WSA podzielił ustalenia i wnioski o hazardowym charakterze gier na spornym automacie. Przypomniał, że sankcją w postaci kary pieniężnej objęty jest podmiot, któremu można przypisać status „urządzającego gry hazardowe”. Co prawda samo pojęcie „urządzającego gry” nie zostało zdefiniowane. Sąd zauważył, że głównym powodem uznania skarżącego za taki podmiot była umowa najmu z właścicielem automatu do gier, czyli udostępnienie odpłatnie miejsca w lokalu, stwarzające warunki do zorganizowania niezgodnej z prawem działalności i czerpania z tego zysku.
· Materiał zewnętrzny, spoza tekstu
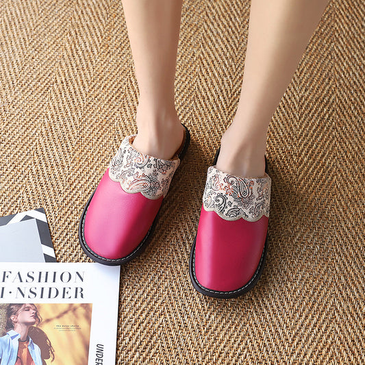 Home leather slippers autumn and winter anti-skating tendons, men and women, European floor slippers couple warm cotton slippers wholesale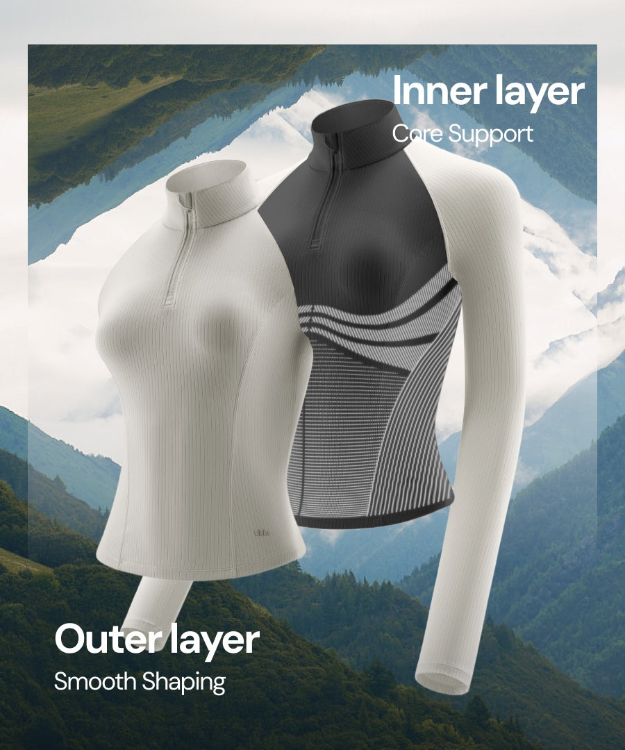 - Dual-layer compression: core-tightening inner layer + smoothing outer layer

Samo wynajęcie lokalu to za mało

W przekonaniu WSA nie dowodzi to, że skarżący faktycznie był podmiotem „urządzającym gry”. W jego ocenie treść umowy najmu powierzchni nie daje podstaw do stwierdzenia, że strony porozumiały się co do wspólnej eksploatacji urządzeń do gier rozrywkowych. Z umowy tej wynika jedynie, że skarżący zobowiązał się wydzierżawić właścicielowi automatów część powierzchni swojego lokalu pod instalację automatu do gier, który będzie wykorzystywany i eksploatowany przez najemcę. Z tego tytułu przysługiwał mu comiesięczny czynsz w wysokości 60 proc. przychodu z gier (rozumianego jako różnica pomiędzy wpłatami i wypłatami z automatu). WSA podkreślił, że sam fakt wynajęcia (wydzierżawienia, użyczającemu czy też udostępnienia) lokalu innemu podmiotowi, w celu prowadzenia przez niego działalności gospodarczej z wykorzystaniem automatów do gier hazardowych nie przesądza jeszcze o możliwości przypisania wynajmującemu statusu podmiotu „urządzającego gry”. Żaden z przepisów ustawy nie zakazuje zwierania umów, na podstawie których inny podmiot takie gry będzie urządzał (ani nie penalizuje tego rodzaju zachowań). Zdaniem sądu konieczna jest przynajmniej jakaś forma aktywnego udziału w przedsięwzięciu polegającym na organizowaniu i oferowaniu gier hazardowych.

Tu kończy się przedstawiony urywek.